**INFORMATION SHOWN**
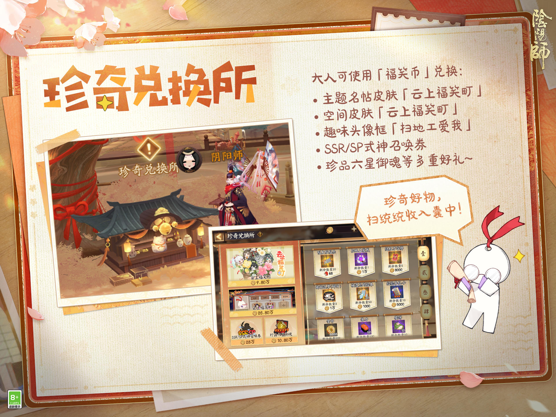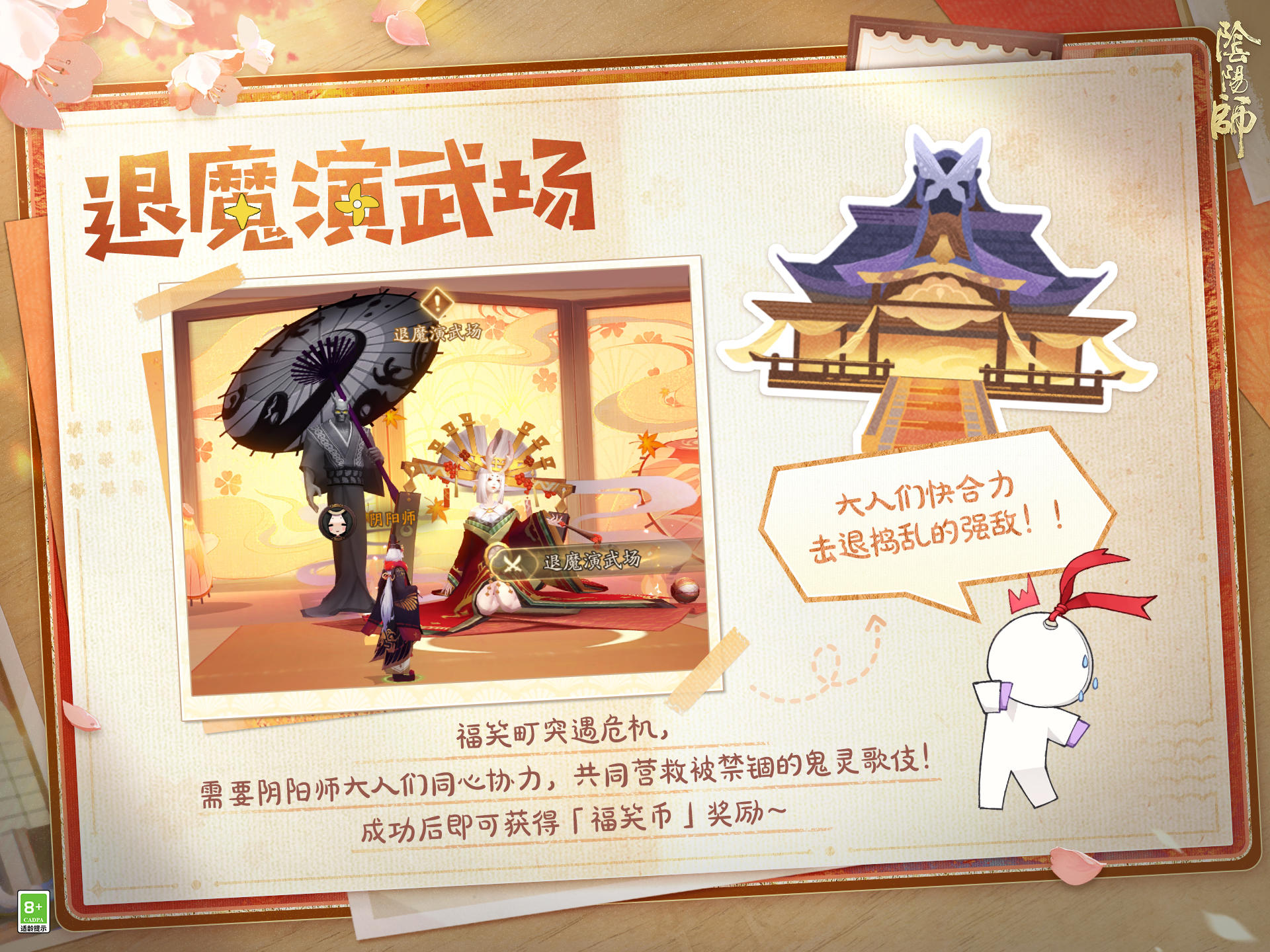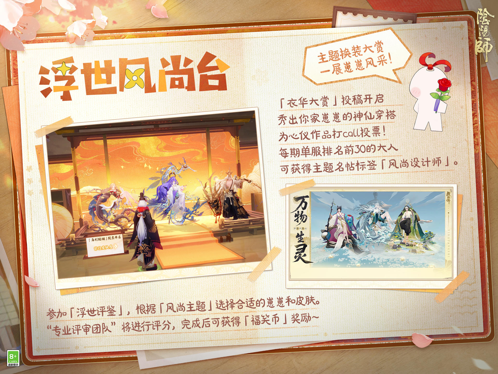 宿光焕银辉,振袖引星回,灵木苍龙巡碧落,东风破晓叩春扉。 △全新「步野观星」系列皮肤即将上线!晴明新皮肤「星蛟宿影」将于1月21日维护后-2月10日23:59限时上架「星品专卖店」活动,大人参与活动祈愿即可兑换。 ※活动期间,大人使用「星宿福札」进行祈愿可获得「星宿印记」等奖励,首次进入活动可获得5个「星宿福札·免费」。「星宿印记」可用于兑换商店中两款全新限定皮肤,两款全新姿度「晴明·星仪纸扇·灭
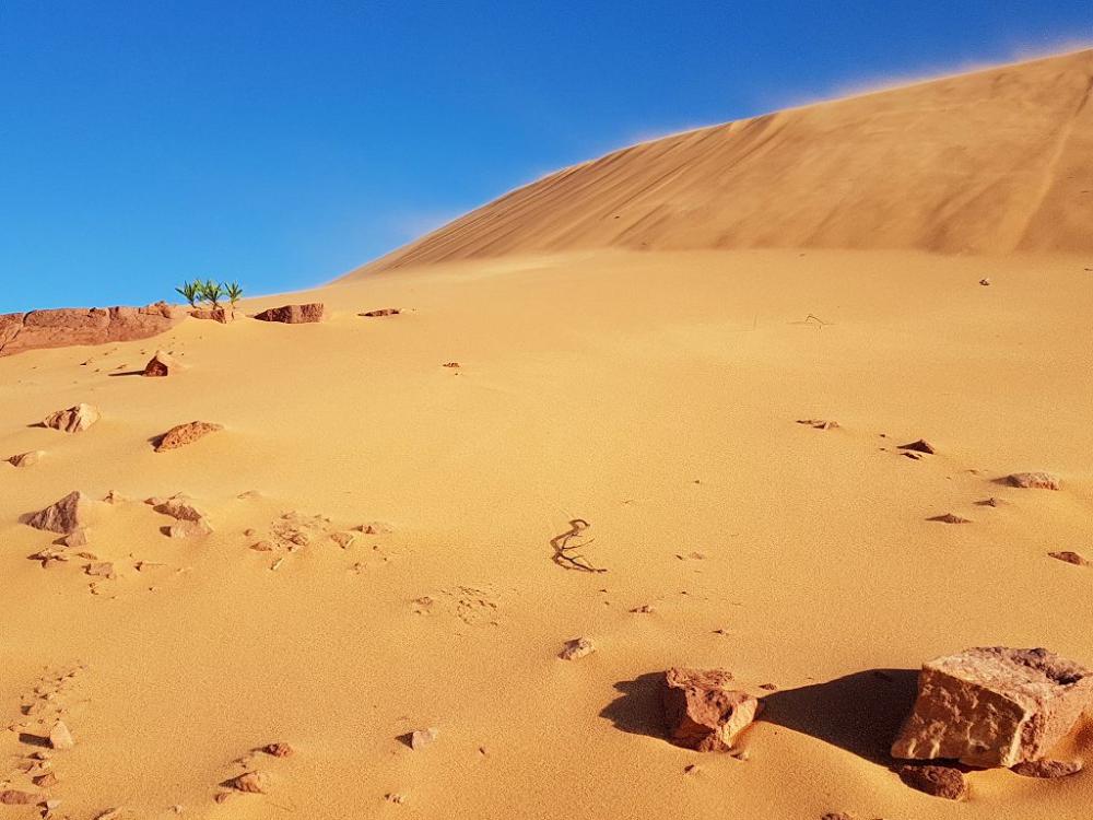 Nach einer kurzen Stärkung ziehen wir los und versuchen die Dünen zu erklimmen, was aufgrund des mittlerweile aufgekommenen starken Sturms nicht wirklich einfach ist. Nun wissen wir, wie der Begriff „sandgestrahlt“ zustande kam.
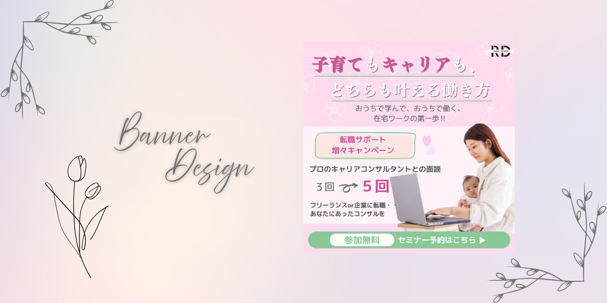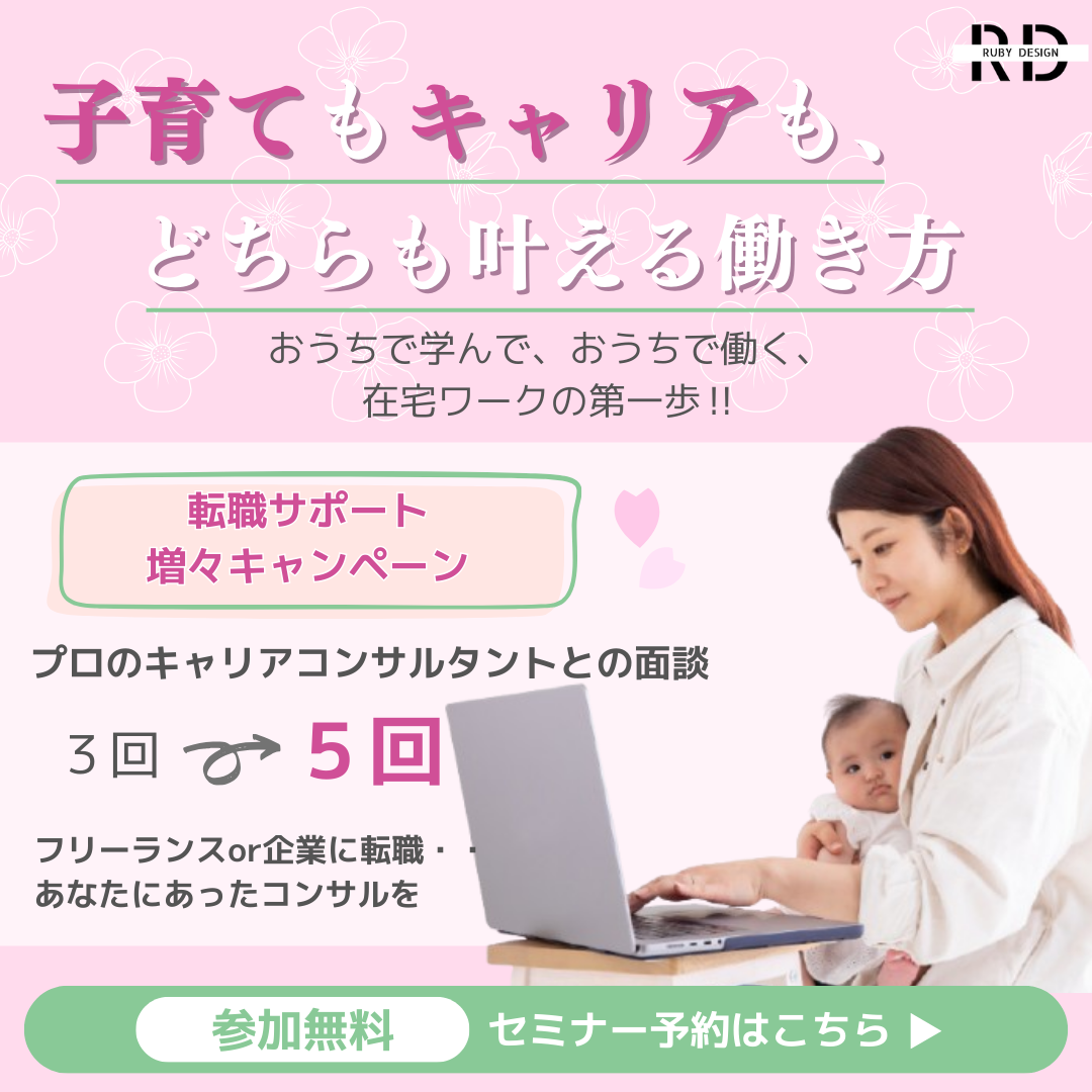 キャッチコピーの「子育てもキャリアも、どちらも叶える働き方」は強めな印象を残したく明朝体を使用しています。
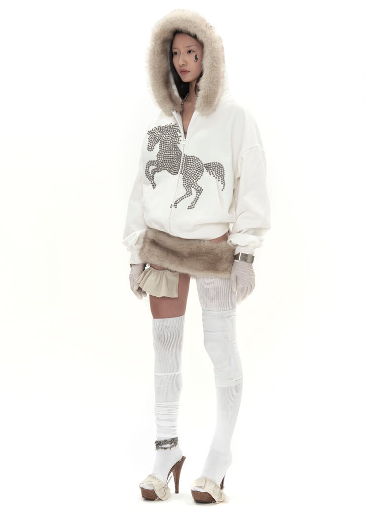 [604SERVICE] STUDDED FAUX FUR HOODIE IN BLACK 正規品 韓国ブランド 韓国ファッション 韓国代行 604 サービス SERVICE 日本 店舗

**WHAT THE TASK REQUIRES**
Restate the material above word for word, omitting the pictures.

**EXPECTED ANSWER**
 宿光焕银辉,振袖引星回,灵木苍龙巡碧落,东风破晓叩春扉。 △全新「步野观星」系列皮肤即将上线!晴明新皮肤「星蛟宿影」将于1月21日维护后-2月10日23:59限时上架「星品专卖店」活动,大人参与活动祈愿即可兑换。 ※活动期间,大人使用「星宿福札」进行祈愿可获得「星宿印记」等奖励,首次进入活动可获得5个「星宿福札·免费」。「星宿印记」可用于兑换商店中两款全新限定皮肤,两款全新姿度「晴明·星仪纸扇·灭
 Nach einer kurzen Stärkung ziehen wir los und versuchen die Dünen zu erklimmen, was aufgrund des mittlerweile aufgekommenen starken Sturms nicht wirklich einfach ist. Nun wissen wir, wie der Begriff „sandgestrahlt“ zustande kam.
 キャッチコピーの「子育てもキャリアも、どちらも叶える働き方」は強めな印象を残したく明朝体を使用しています。
 [604SERVICE] STUDDED FAUX FUR HOODIE IN BLACK 正規品 韓国ブランド 韓国ファッション 韓国代行 604 サービス SERVICE 日本 店舗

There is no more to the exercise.